You do not need to keep track of installing any other SDKs or importing them to your Llamaindex app.

### Here's how it works:

Step 1: Get your Portkey API key by logging into [Portkey here](https://app.portkey.ai/) --> Click on the profile icon on top right and "Copy API Key".

In [None]:
os.environ["PORTKEY_API_KEY"]=""
os.environ["OPENAI_API_KEY"]=""
os.environ["ANTHROPIC_API_KEY"]=""

Step 2: Add all the Portkey features you want (as illustrated above) by calling the Portkey class

This is a quick guide to all Portkey features and what they expect:

| Feature             | Config Key              | Value(Type)                                      | Required    |
|---------------------|-------------------------|--------------------------------------------------|-------------|
| API Key             | `api_key`               | `string`                                         | ✅ Required |
| Mode                | `mode`                  | `fallback`, `loadbalance`, `single`              | ✅ Required |
| Cache Type          | `cache_status`          | `simple`, `semantic`                             | ❔ Optional |
| Force Cache Refresh | `cache_force_refresh`   | `True`, `False`                                  | ❔ Optional |
| Cache Age           | `cache_age`             | `integer` (in seconds)                           | ❔ Optional |
| Trace ID            | `trace_id`              | `string`                                         | ❔ Optional |
| Retries         | `retry_count`           | `integer` [0,5]                                  | ❔ Optional |
| Metadata            | `metadata`              | `json object` [More info](https://docs.portkey.ai/key-features/custom-metadata)          | ❔ Optional |
| Base URL | `base_url` | 

In [None]:
pk_llm = Portkey(mode="single",cache_status="semantic", cache_force_refresh="True", cache_age="1000", trace_id="portkey_llamaindex", retry="5") 

# Since we have defined the Portkey API Key with os.environ, we do not need to set it again here
# Let us also add some metadata!

metadata={
    "_environment":"production",
    "_prompt":"test",
    "_user":"user",
    "_organisation":"acme"
}

pk_llm.metadata=metadata

Step 3: Now let's pick which LLMs we want. 

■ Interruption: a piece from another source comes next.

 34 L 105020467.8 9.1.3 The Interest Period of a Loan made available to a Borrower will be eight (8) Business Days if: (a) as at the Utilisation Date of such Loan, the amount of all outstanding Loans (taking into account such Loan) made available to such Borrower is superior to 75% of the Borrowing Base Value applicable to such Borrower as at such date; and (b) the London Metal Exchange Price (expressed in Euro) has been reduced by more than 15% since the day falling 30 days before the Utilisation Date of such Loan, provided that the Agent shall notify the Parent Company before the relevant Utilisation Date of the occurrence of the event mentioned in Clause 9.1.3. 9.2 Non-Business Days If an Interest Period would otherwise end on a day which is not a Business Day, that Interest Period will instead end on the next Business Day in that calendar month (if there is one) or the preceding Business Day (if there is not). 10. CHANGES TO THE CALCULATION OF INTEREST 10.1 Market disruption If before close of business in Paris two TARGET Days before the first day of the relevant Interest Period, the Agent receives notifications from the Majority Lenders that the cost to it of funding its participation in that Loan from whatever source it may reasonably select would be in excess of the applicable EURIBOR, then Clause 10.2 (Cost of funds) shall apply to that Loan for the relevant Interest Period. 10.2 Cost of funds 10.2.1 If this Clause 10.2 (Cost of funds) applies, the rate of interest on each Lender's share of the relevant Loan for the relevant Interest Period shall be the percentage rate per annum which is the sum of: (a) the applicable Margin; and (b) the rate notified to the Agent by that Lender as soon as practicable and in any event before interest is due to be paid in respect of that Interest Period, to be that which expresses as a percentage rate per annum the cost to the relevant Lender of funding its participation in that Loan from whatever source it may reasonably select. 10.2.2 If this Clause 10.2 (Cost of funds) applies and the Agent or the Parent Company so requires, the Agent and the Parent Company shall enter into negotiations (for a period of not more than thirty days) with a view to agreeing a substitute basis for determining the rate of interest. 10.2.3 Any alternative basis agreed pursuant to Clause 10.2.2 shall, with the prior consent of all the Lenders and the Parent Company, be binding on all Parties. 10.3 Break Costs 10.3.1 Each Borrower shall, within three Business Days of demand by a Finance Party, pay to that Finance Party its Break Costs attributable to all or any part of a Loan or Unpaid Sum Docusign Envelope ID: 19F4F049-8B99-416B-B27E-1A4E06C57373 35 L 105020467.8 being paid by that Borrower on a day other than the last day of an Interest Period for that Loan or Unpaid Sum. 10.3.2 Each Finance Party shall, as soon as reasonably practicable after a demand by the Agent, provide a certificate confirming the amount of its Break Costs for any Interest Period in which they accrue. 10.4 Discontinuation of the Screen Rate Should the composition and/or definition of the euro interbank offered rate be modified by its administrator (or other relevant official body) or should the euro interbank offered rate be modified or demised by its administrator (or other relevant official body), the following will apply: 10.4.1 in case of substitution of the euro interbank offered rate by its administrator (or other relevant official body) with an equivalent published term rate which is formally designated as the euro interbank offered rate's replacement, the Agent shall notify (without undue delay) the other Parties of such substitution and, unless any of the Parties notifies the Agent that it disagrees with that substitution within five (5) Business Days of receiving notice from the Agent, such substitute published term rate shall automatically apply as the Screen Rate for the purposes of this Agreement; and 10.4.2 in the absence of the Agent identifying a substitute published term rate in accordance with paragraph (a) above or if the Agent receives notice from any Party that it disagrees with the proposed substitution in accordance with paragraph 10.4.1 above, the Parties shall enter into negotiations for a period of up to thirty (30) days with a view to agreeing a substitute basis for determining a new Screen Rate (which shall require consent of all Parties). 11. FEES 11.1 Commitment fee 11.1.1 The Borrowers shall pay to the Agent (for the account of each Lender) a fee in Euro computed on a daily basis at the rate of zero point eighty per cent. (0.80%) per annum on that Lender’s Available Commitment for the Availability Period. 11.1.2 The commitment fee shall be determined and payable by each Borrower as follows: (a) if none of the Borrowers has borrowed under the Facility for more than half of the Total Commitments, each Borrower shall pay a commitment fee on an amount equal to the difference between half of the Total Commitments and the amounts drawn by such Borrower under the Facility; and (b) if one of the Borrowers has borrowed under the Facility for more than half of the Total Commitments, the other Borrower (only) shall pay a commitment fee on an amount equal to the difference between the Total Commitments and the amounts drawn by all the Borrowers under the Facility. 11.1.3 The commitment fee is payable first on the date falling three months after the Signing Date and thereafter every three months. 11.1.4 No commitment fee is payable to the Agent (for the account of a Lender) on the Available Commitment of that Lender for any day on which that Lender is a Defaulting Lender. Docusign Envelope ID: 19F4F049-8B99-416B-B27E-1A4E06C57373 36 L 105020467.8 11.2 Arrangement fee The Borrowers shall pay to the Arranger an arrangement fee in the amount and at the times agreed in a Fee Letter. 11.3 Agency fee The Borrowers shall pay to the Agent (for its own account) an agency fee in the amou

With the Portkey integration, we have simplified how you construct an LLM by using a single function for all differnt providers: PortkeyBase. It has all the exact same keys you are already using with your OpenAI or Anthropic constructors, with the only addition of one new key - `weight`. This key is used for the load balancing feature. Scroll here if you want to jump to seeing how to implement load balancing.

In [None]:
openai_llm = LLMBase(provider="openai", model="gpt-4")

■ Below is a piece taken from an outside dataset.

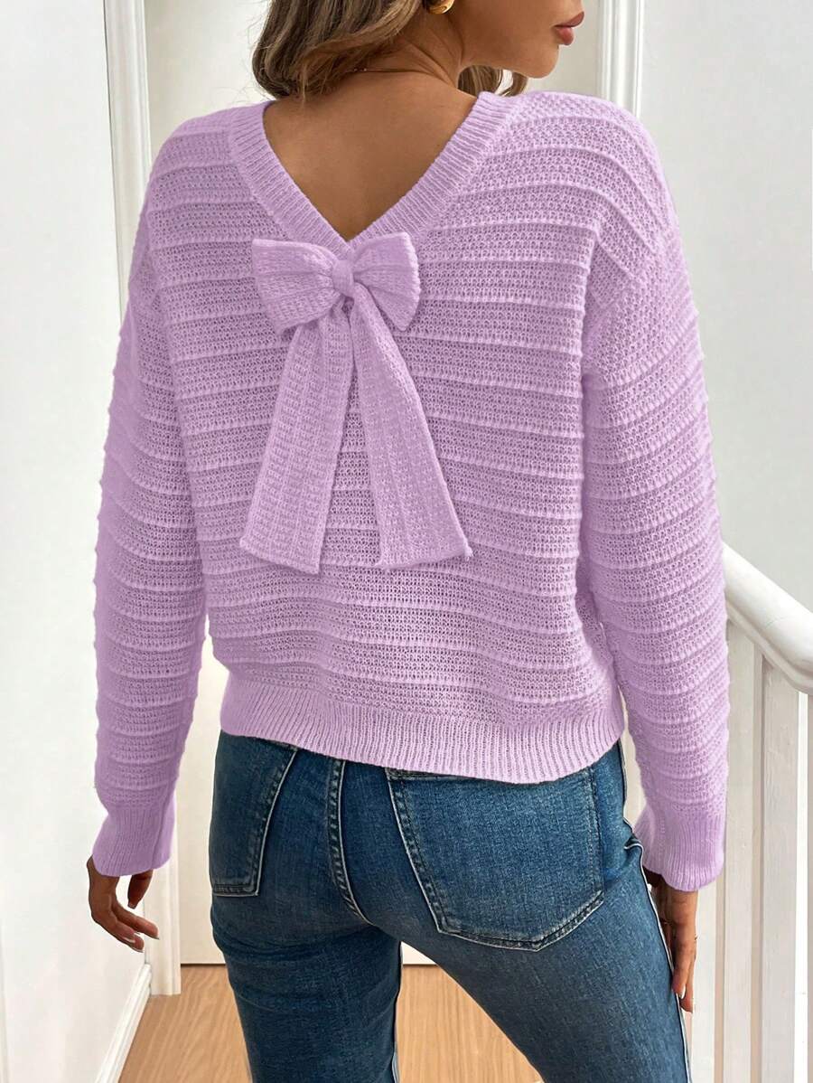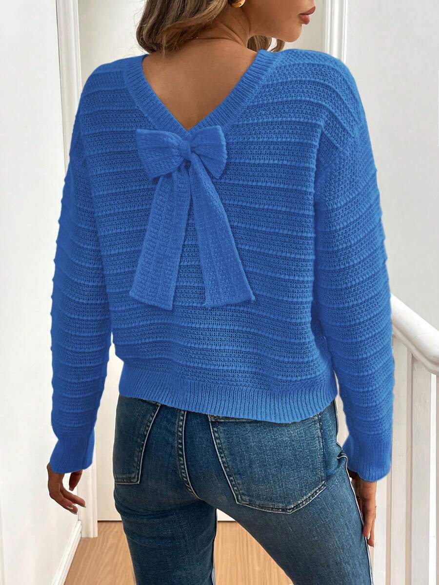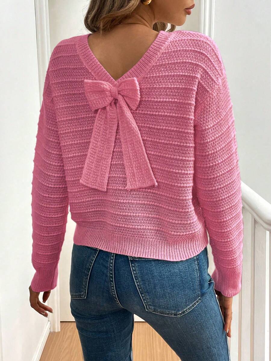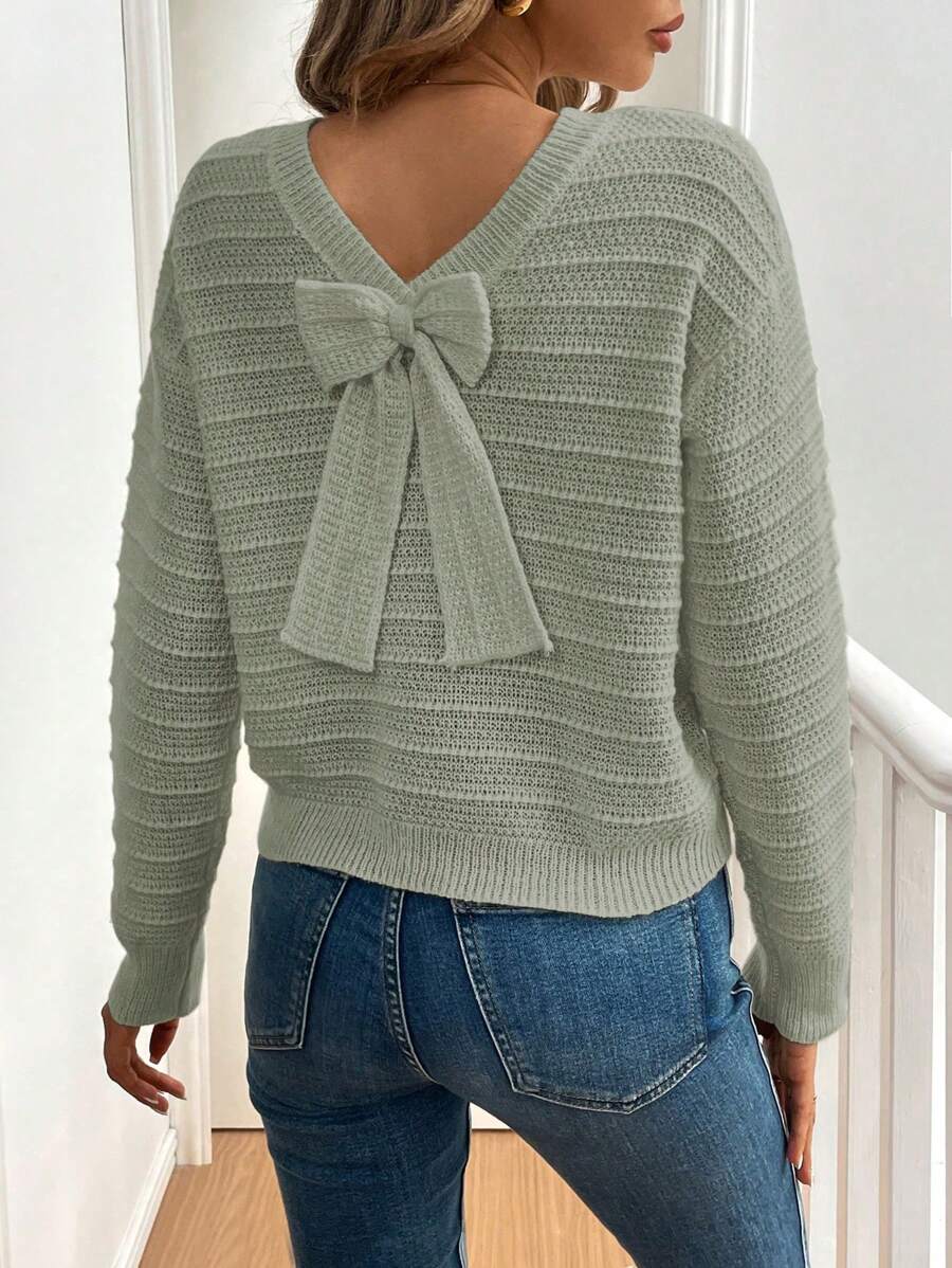 Maglione casual ed elegante da donna con decorazione a fiocco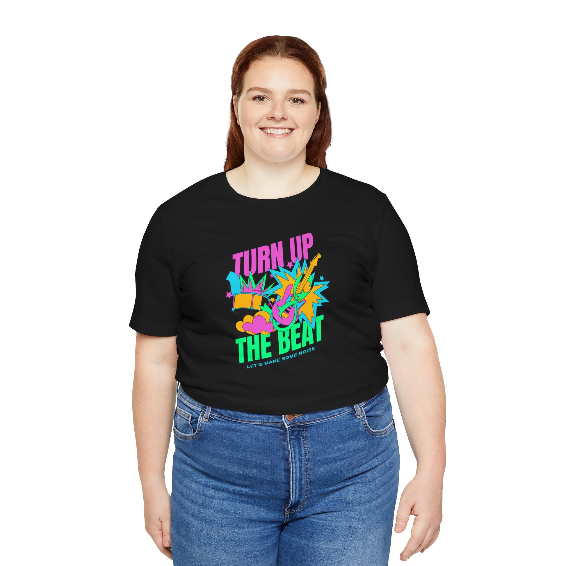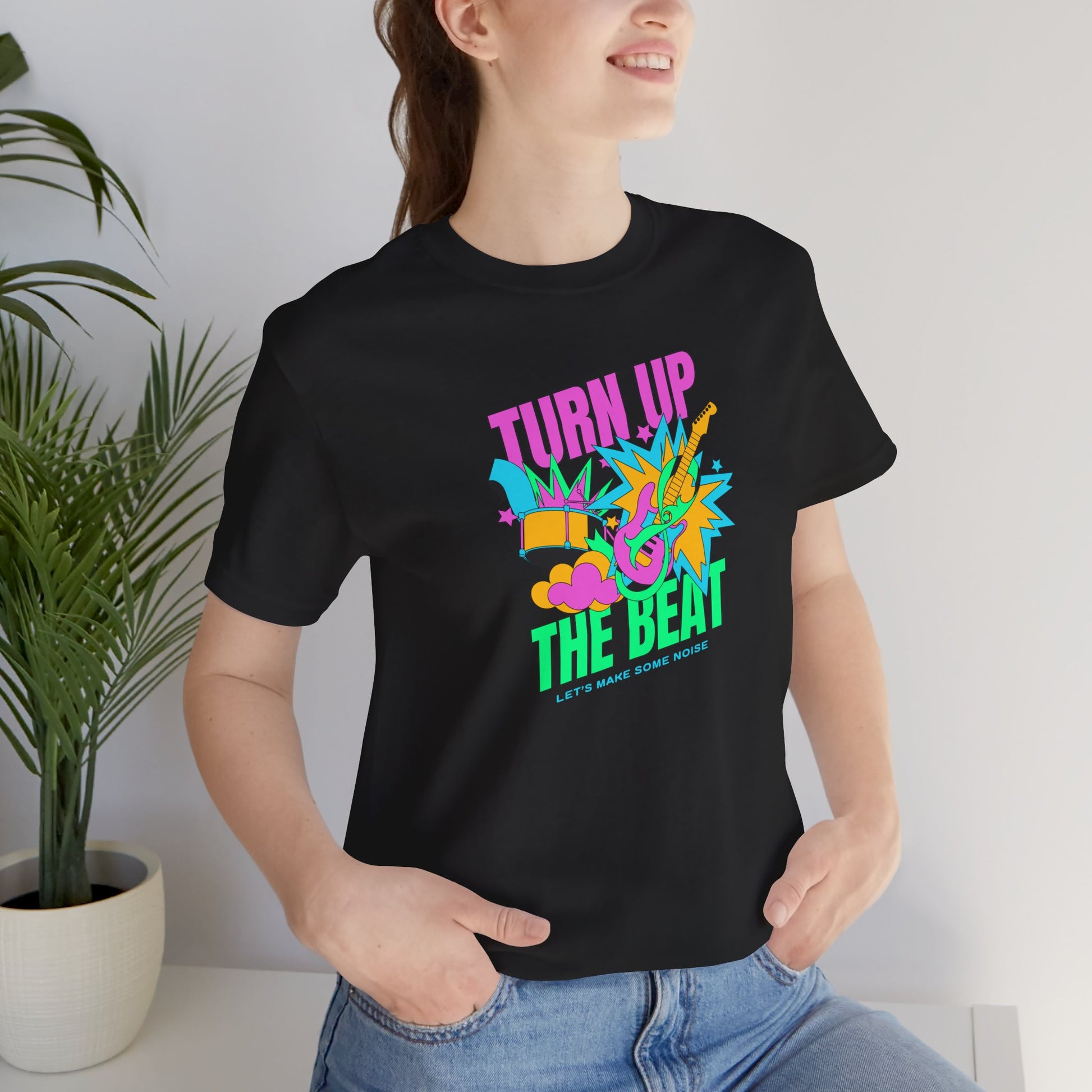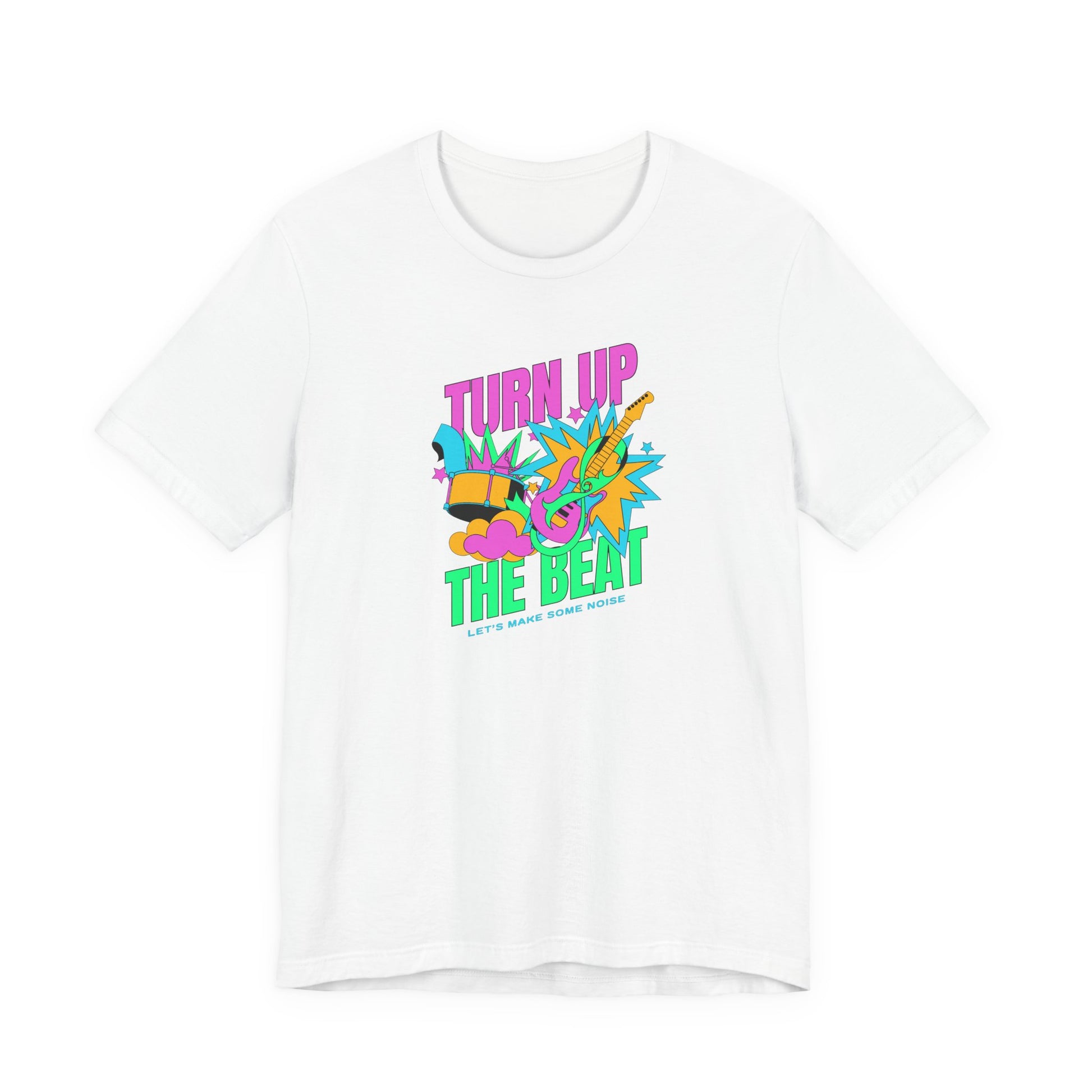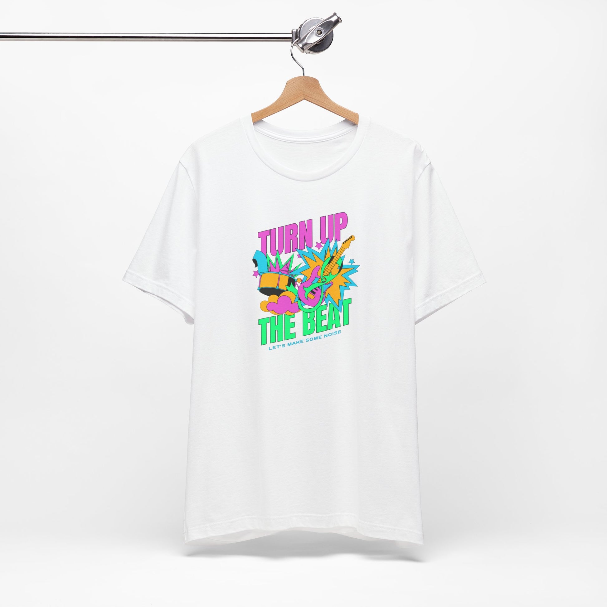 A vibrant graphic tee perfect for music lovers, this Turn Up The Beat Shirt is a unisex music t-shirt that exudes a fun and energetic vibe. It is ideal for casual wear and music-related events, making it a great addition to any music enthusiast's wardrobe.

Step 4: Now let's activate our Portkey LLM!

In [None]:
pk_llm.add_llms(openai_llm)

And that's it, in these 4 steps, you have infused your Llamaindex app with the most sophisticated production capabilities. Let's test our our integration now:

In [None]:
messages = [
    ChatMessage(role="system", content="You are a helpful assistant"),
    ChatMessage(role="user", content="What can you do?")
]
print("Testing Portkey Llamaindex integration:")
response = pk_llm.chat(messages)
print(response)

Your request and responses, along with the trace id, cache status, and all metadata are now logged to Portkey, and you can [see them here](https://app.portkey.ai/).

To recap,

Step 1 - Import Portkey from llama_index.llms.
Step 2 - Grab your Portkey API Key from [here](https://app.portkey.ai/).
Step 3 - Construct your Portkey LLM with `pk_llm=Portkey(mode="fallback")` and any other Portkey features you want
Step 4 - Construct your provider LLM with opneai_llm=PortkeyBase(provider="openai",model="gpt-4")
Step 5 - Add the provider LLM to Portkey LLM with `pk_llm.add_llms(openai_llm)`
Step 6 - Call the Portkey LLM regularly like you would any other LLM, with `pk_llm.chat(messages)`

Here's the guide to all the functions and their params:
- [Portkey LLM Constructor]()
- [PortkeyBase Constructor]() 
- [List of Portkey + Llamaindex Features]()
- [List of Portkey + Llamaindex limitations]()

# Implementing Fallbacks with Portkey

In [None]:
pk_llm.mode="fallback"

llm1 = LLMBase(provider="openai", model="gpt-4")
llm2 = LLMBase(provider="openai", model="gpt-3.5-turbo")

pk_llm.add_llms(llm_params=[llm1,llm2])

print("Testing Fallback functionality:")
response = pk_llm.chat(messages)
print(response)

# Implementing Load Balancing with Portkey

For Load Balancing, we have to add one more param to PortkeyBase - weight.

The way this works is, for each new request that comes, we load balance it according to your defined weights among the LLMs. It's that simple!

Weight for all LLMs that are passed to Portkey should sum up to 1. Here's an example:

In [None]:
pk_llm.mode="loadbalance"

llm1 = LLMBase(provider="openai", model="gpt-4",weight=0.2)
llm2 = LLMBase(provider="openai", model="gpt-3.5-turbo",weight=0.8)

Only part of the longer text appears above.